# What is being asked
Exact copy, pictures excluded: set down only the lines from the one with "In den 70er" through the end of the entries, keeping both end lines.

◆ ◆ ◆ ◆ ◆

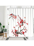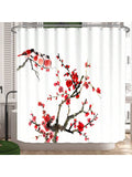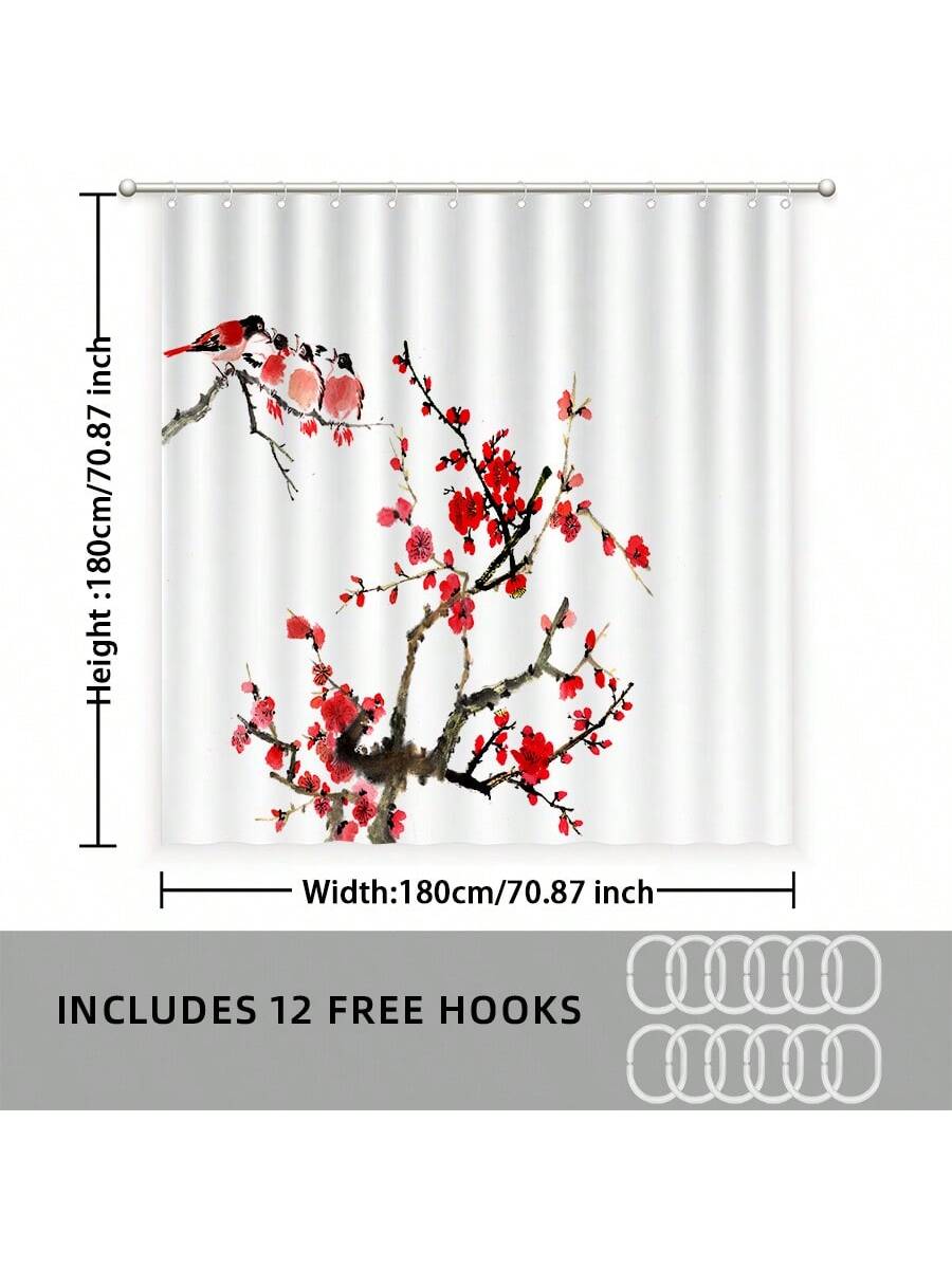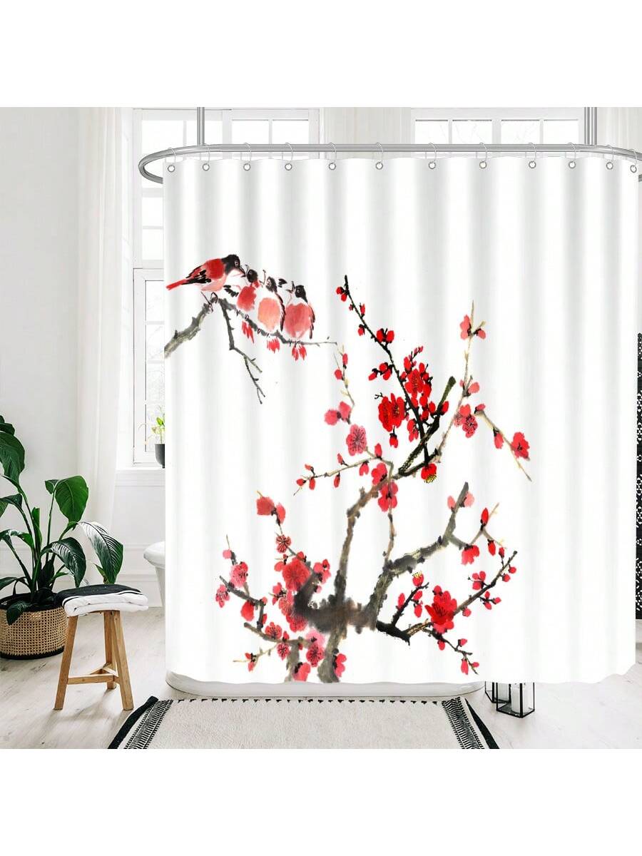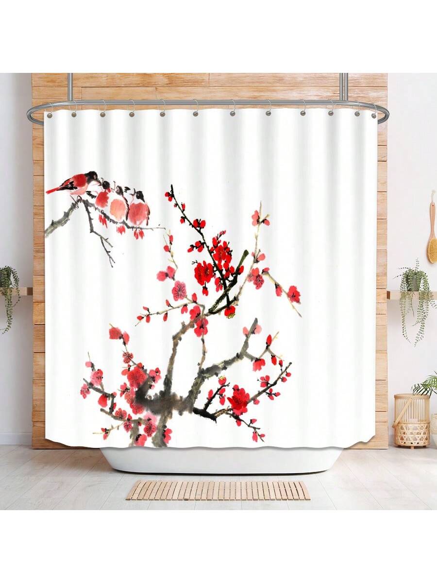 Elegant Plum Blossom Waterproof Shower Curtain Set - Modern Minimalist Design with Hooks
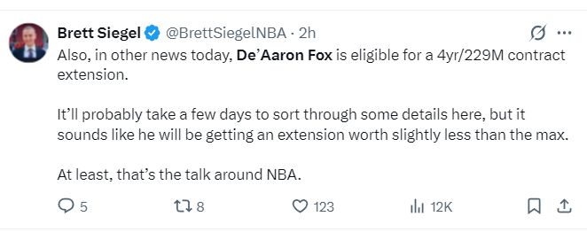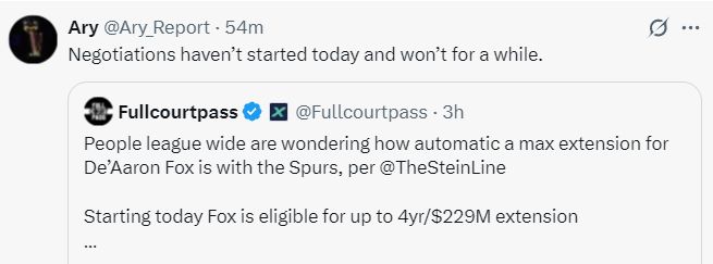 随后美记Ary转推回复——福克斯的续约谈判尚未开始,而且短期内也不会开始。
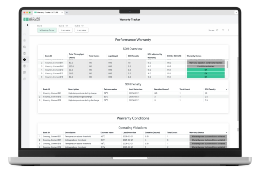 去年12月,ACCURE Battery Intelligence公司為其軟件平臺(tái)推出了一項(xiàng)新的預(yù)測(cè)分析功能——保修跟蹤器,該功能可以通過(guò)運(yùn)行數(shù)據(jù)持續(xù)監(jiān)控電池儲(chǔ)能系統(tǒng)。
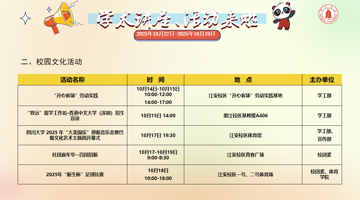 2025年10月11日-2025年10月19日学术讲座、活动安排
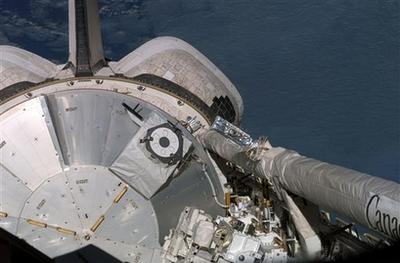 中新網(wǎng)3月13日電 綜合報(bào)道,美國(guó)當(dāng)?shù)貢r(shí)間12日晚,“奮進(jìn)”號(hào)航天飛機(jī)與國(guó)際空間站成功對(duì)接,但比原定時(shí)間遲了40分鐘。
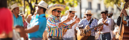 Festive street scene with smiling people in traditional Mexican clothing singing and dancing, AI generated
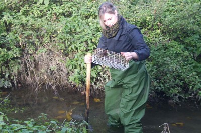 In den 70er Jahren galt die Selz als einer der meist verschmutzten Wasserläufe Deutschlands. Gilt dies heute immer noch? Dieser Frage ging die BI Umweltschutz Gau-Odernheim nach. Die Wasserqualität sollte nicht nur durch eine einmalige Probenentnahme, sondern über einen Zeitraum von 4 Wochen mit Hilfe spezieller “Passivsammler” überprüft werden. Die Messpunkte wurden nach Absprache mit Herrn Krings vom Selztalverband über den Bachlauf verteilt: von der Selzquelle bei Orbis, über Alzey, Gau-Odernheim, Bechtolsheim, Hahnheim bis nach Nieder-Olm. Das Team um Laborant Gunter Pfeiffer, der Studentin der Umwelttechnik Janine Hahne (im Bild beim Bergen eines Passivsammlers) und dem BI-Vorsitzenden Thomas Ehlenberger kümmerte sich um die Ausbringung und Einsammlung der Passivsammler. Die Auswertung führte Michael Fischer als Inhaber des gleichnamigen Umweltlabors mit einem Gaschromatographen durch.
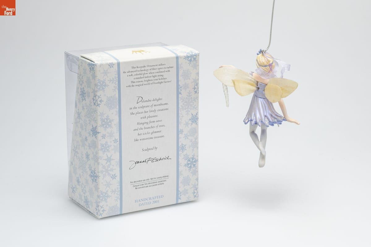 This Keepsake Ornament utilizes / the advanced technology of fiber optics to radiate / a soft, colorful glow when combined with / a standard indoor light string. / This season, brighten your holidays / with the magical world of Frostlight Faeries! / Delandra delights / in the sculpture of moonbeams. / She places her lovely creations / with pleasure. / Hanging from eaves / and the branches of trees, / her icicles glimmer / like wintertime treasure. / Sculpted by / Joanne Eschrich / For decorative use only. Not for young children. / Concue a des fins decoratives seulement. / Ne convient pas aux jeunes enfants. / HANDCRAFTED / DATED 2001
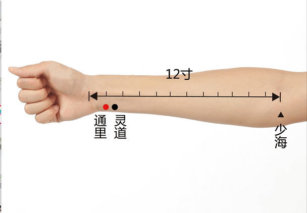 位置:通里穴在腕横纹上一寸处。紧挨着灵道,下面还有阴郄穴和神门穴。因为它们挨得近,所以揉的时候,没必要非得找通里,如果揉旁边的灵道更敏感,那就多揉灵道;而揉阴郄时特别敏感,就多揉阴郄。这几个穴位就像兄弟姐妹一样,虽然各自有侧重,但总的功用都是调节人的情志和心脏本源疾病的。
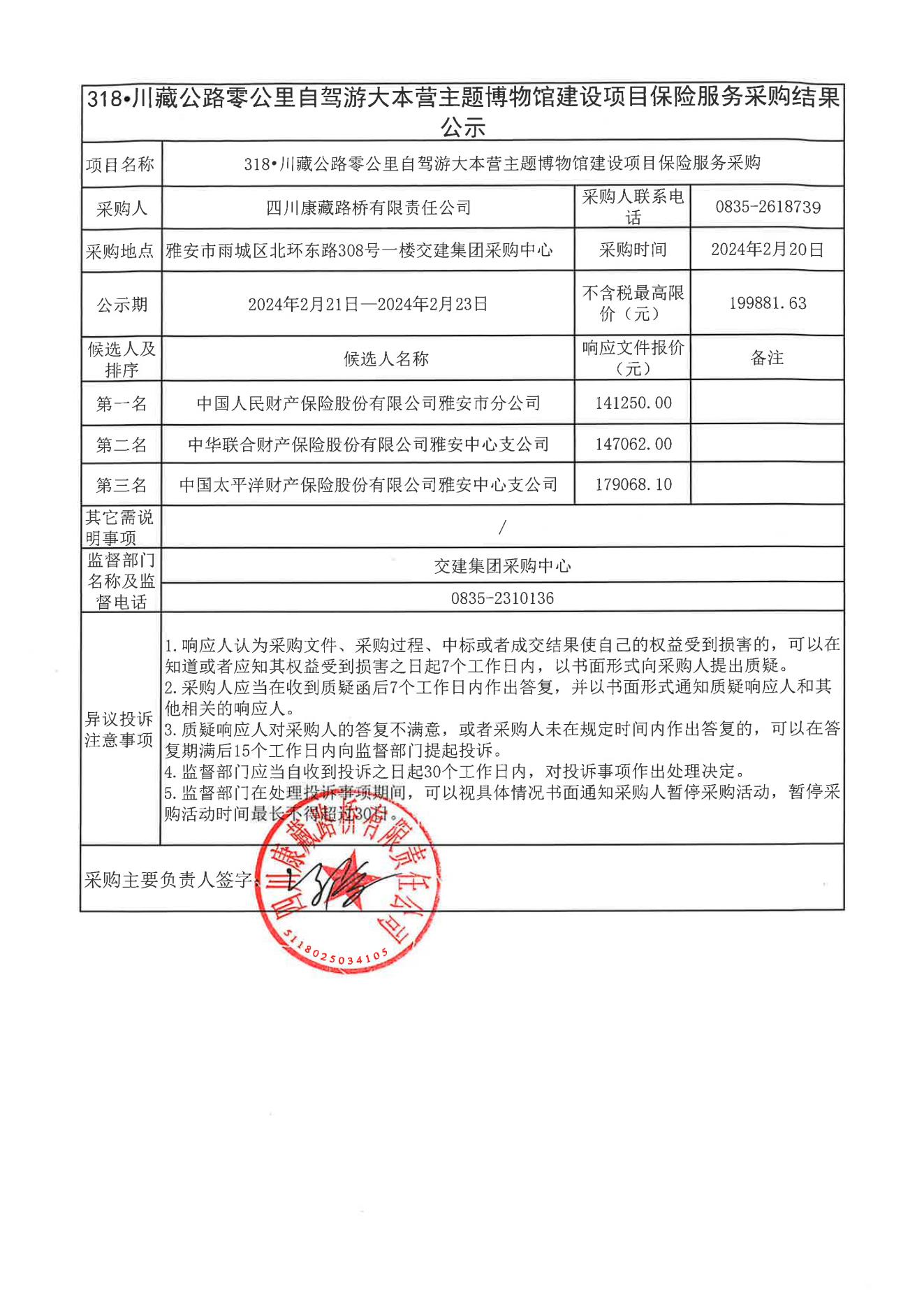 四川康藏路橋有限責任公司318•川藏公路零公里自駕游大本營主題博物館建設項目保險服務采購結果公示

◆ ◆ ◆ ◆ ◆

# Answer section
 In den 70er Jahren galt die Selz als einer der meist verschmutzten Wasserläufe Deutschlands. Gilt dies heute immer noch? Dieser Frage ging die BI Umweltschutz Gau-Odernheim nach. Die Wasserqualität sollte nicht nur durch eine einmalige Probenentnahme, sondern über einen Zeitraum von 4 Wochen mit Hilfe spezieller “Passivsammler” überprüft werden. Die Messpunkte wurden nach Absprache mit Herrn Krings vom Selztalverband über den Bachlauf verteilt: von der Selzquelle bei Orbis, über Alzey, Gau-Odernheim, Bechtolsheim, Hahnheim bis nach Nieder-Olm. Das Team um Laborant Gunter Pfeiffer, der Studentin der Umwelttechnik Janine Hahne (im Bild beim Bergen eines Passivsammlers) und dem BI-Vorsitzenden Thomas Ehlenberger kümmerte sich um die Ausbringung und Einsammlung der Passivsammler. Die Auswertung führte Michael Fischer als Inhaber des gleichnamigen Umweltlabors mit einem Gaschromatographen durch.
 This Keepsake Ornament utilizes / the advanced technology of fiber optics to radiate / a soft, colorful glow when combined with / a standard indoor light string. / This season, brighten your holidays / with the magical world of Frostlight Faeries! / Delandra delights / in the sculpture of moonbeams. / She places her lovely creations / with pleasure. / Hanging from eaves / and the branches of trees, / her icicles glimmer / like wintertime treasure. / Sculpted by / Joanne Eschrich / For decorative use only. Not for young children. / Concue a des fins decoratives seulement. / Ne convient pas aux jeunes enfants. / HANDCRAFTED / DATED 2001
 位置:通里穴在腕横纹上一寸处。紧挨着灵道,下面还有阴郄穴和神门穴。因为它们挨得近,所以揉的时候,没必要非得找通里,如果揉旁边的灵道更敏感,那就多揉灵道;而揉阴郄时特别敏感,就多揉阴郄。这几个穴位就像兄弟姐妹一样,虽然各自有侧重,但总的功用都是调节人的情志和心脏本源疾病的。
 四川康藏路橋有限責任公司318•川藏公路零公里自駕游大本營主題博物館建設項目保險服務采購結果公示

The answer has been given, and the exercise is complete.